Return the lines of the data below, from the one containing "TurboFlow ventilky mají" through the very last, exactly and with both ends included; no pictures.

Top of INFORMATION SHOWN

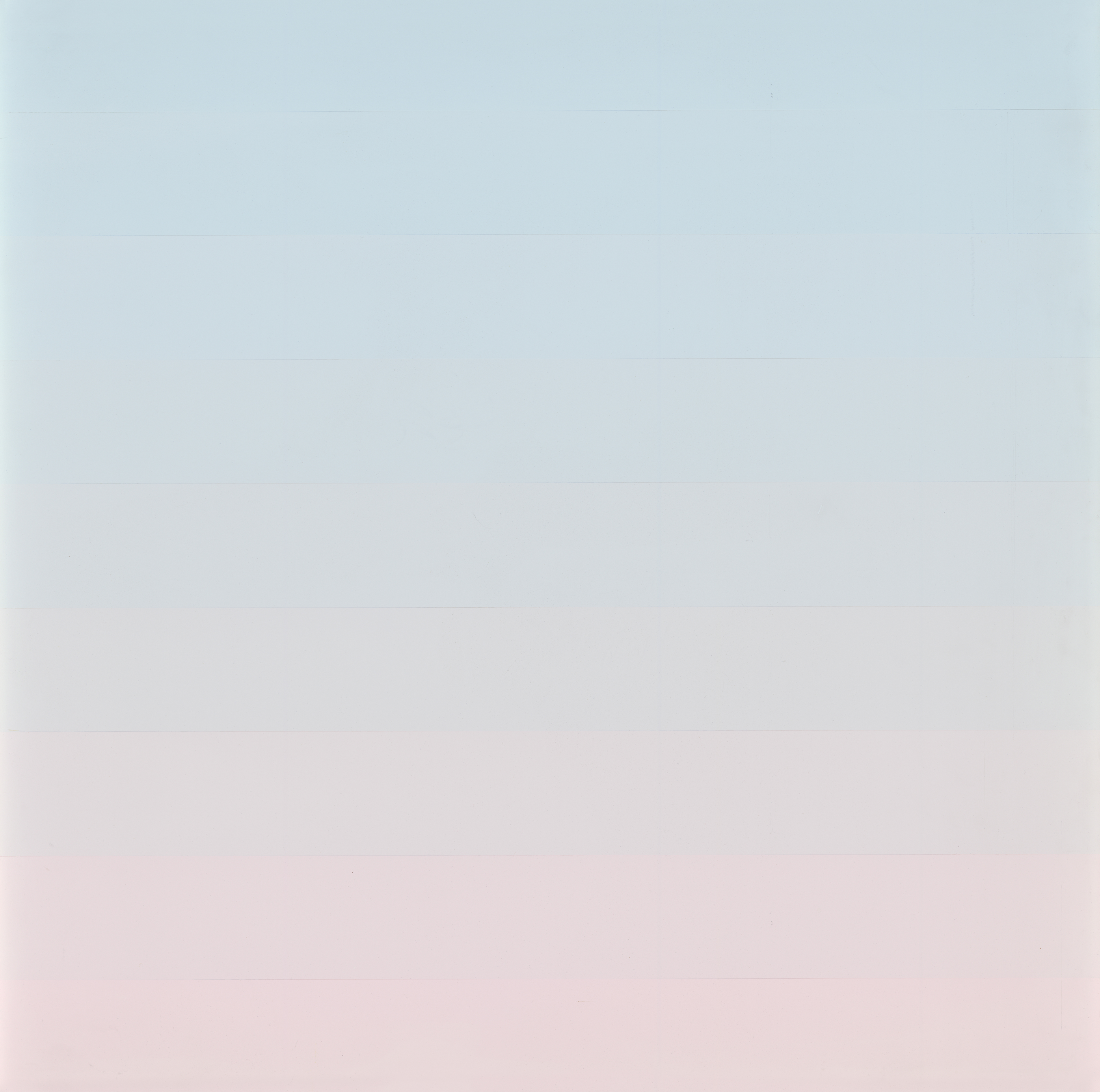 Zwischen Zartblau und Hellrosa changierende Streifenkomposition des Künstlers mit irisierender Wirkung. „Séquences chronomatiques“ (Farbstufenbilder) nennt Roeckenschuss, wichtiger Vertreter des frühen Minimalismus, seine um 1975 begonnene und bis um 2000 fortgesetzte Serie von streng vertikal angelegten Streifenbildern. Er malt oder collagiert dazu Reihungen vertikaler farbiger Streifen, mal schmal und lang, mal breit und kurz, immer jedoch stehen die Streifen in einem raffinierten mathematisch-musikalischen System zueinander. Seine Arbeiten sind in internationalen Sammlungen wie beispielsweise dem Museum of Modern Art in New York, der Sammlung der Deutschen Bank sowie der Daimler Chrysler Collection vertreten. Im Künstlerrahmen.
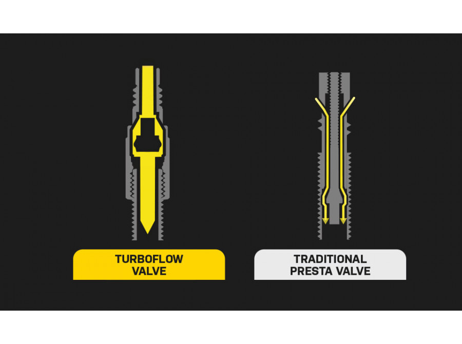 TurboFlow ventilky mají clog-free design, který zabraňuje ucpávání tmelem. To oceníš nejen při běžném dofukování, ale hlavně při snadném doplňování tmelu přímo přes ventil. Méně starostí, více času na jízdu.
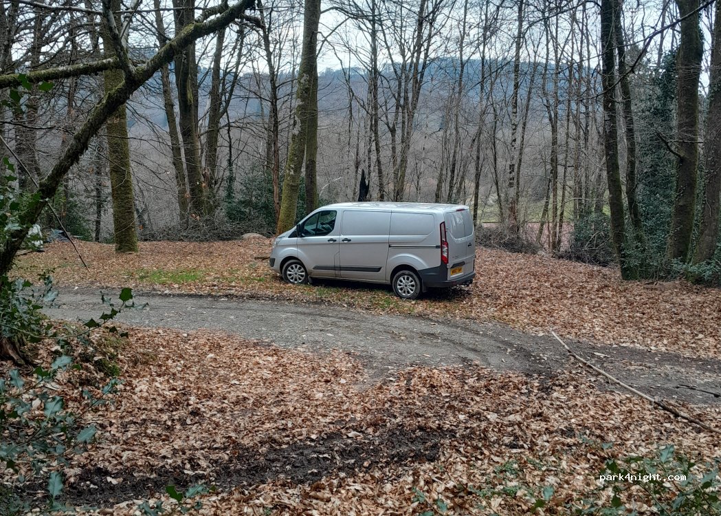 Nice tucked away area beside a quiet lane in woodland, near a tiny village.

Bottom of INFORMATION SHOWN

> [YOUR SOLUTION]:
 TurboFlow ventilky mají clog-free design, který zabraňuje ucpávání tmelem. To oceníš nejen při běžném dofukování, ale hlavně při snadném doplňování tmelu přímo přes ventil. Méně starostí, více času na jízdu.
 Nice tucked away area beside a quiet lane in woodland, near a tiny village.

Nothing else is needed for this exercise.